Alternatively, you can incorporate this approach into Tom Davidson's takeoff model to build a more theoretically grounded timelines model but I have not done that yet.

Tom's model just uses a training requirements variable, it doesn't appeal to all the fancy bio anchors stuff that your method is a viable alternative to. Insofar as you are still using what I consider the "useful core" of the bio anchors model then I think your bottom line numbers for compute requirements can just be straightforwardly plugged into Tom's model.
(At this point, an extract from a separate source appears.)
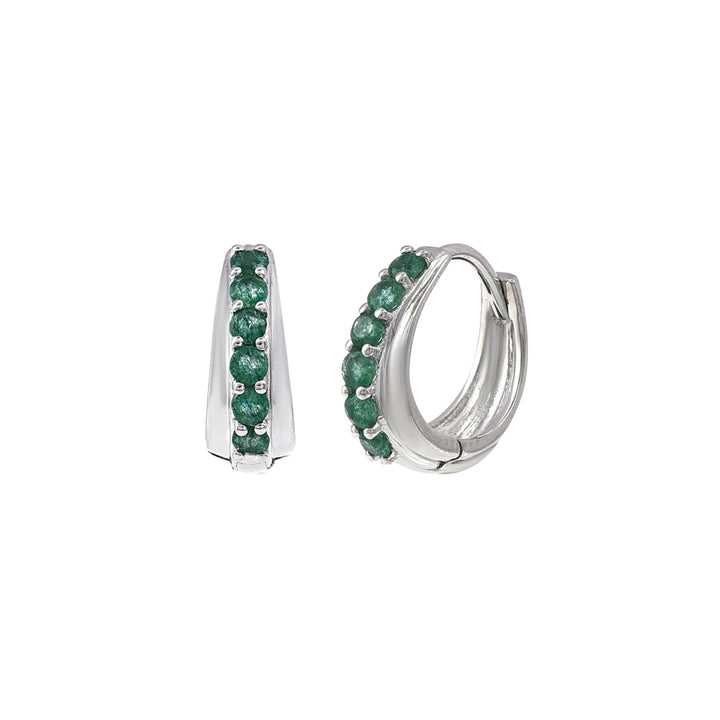 These hoops are handcrafted from sterling silver, plated with white rhodium, and weigh approximately 2.19 grams. They feature 12 Aventurine gemstones, with a total weight of 0.11 grams, and are sold as a pair.
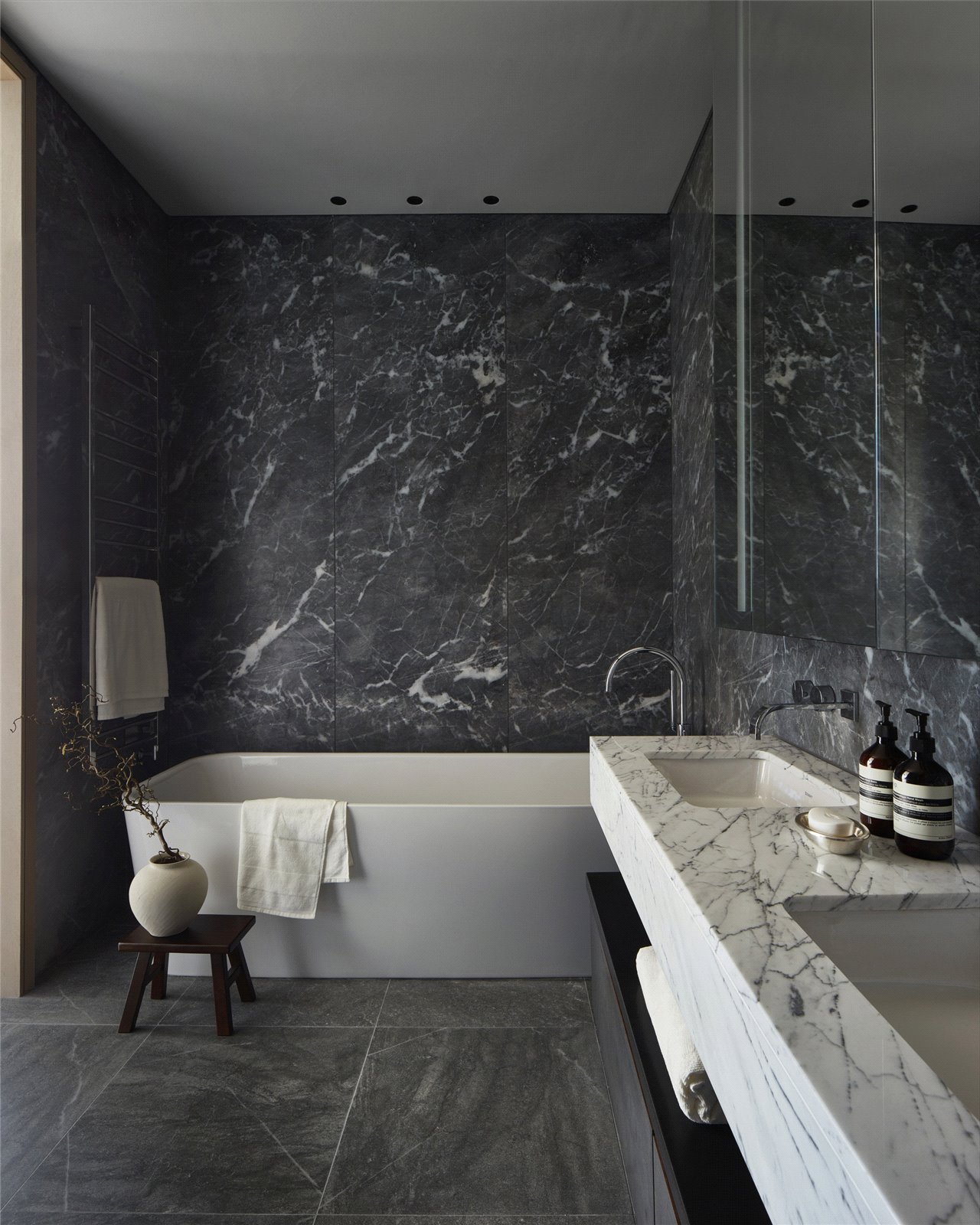 The upper floor features three luxurious ensuite bedrooms, each offering stunning outlooks across the capital. The main and guest bedrooms provide dual-aspect views and feature walk-in dressing rooms with wraparound wardrobes that rise to the 3.3m ceilings. The indulgent ensuite bathrooms, ranging from 70 to 90 sq. ft., are finished in exquisite Italian polished marble and feature dual vanities, walk-in showers, and/or a bath, creating an atmosphere of serenity and elegance.

So I just went and plugged in the values of 10^30 and 10^35 FLOP for the training requirements variable at takeoffspeeds.com. Playing around with it a bit (modifying their preset scenarios) it looks like this gives you somewhere between 2029 and 2044.

Though if you also do what I recommend and increase software returns from 1.25 to 2.5, to be more consistent with the data we have so far about algorithmic progress, the top end of the range cuts down considerably: Now you get 2027 - 2033 as the range.

 

I'm confused about how heterogeneity in data quality interacts with scaling. Surely training a LM on scientific papers would give different results from training it on web spam, but data quality is not an input to the scaling law... This makes me wonder whether your proposed forecasting method might have some kind of blind spot in this regard, for example failing to take into account that AI labs have probably already fed all the scientific papers they can into their training processes. If future LMs train on additional data that have little to do with science, could that keep reducing overall cross-entropy loss (as scientific papers become a smaller fraction of the overall corpus) but fail to increase scientific ability?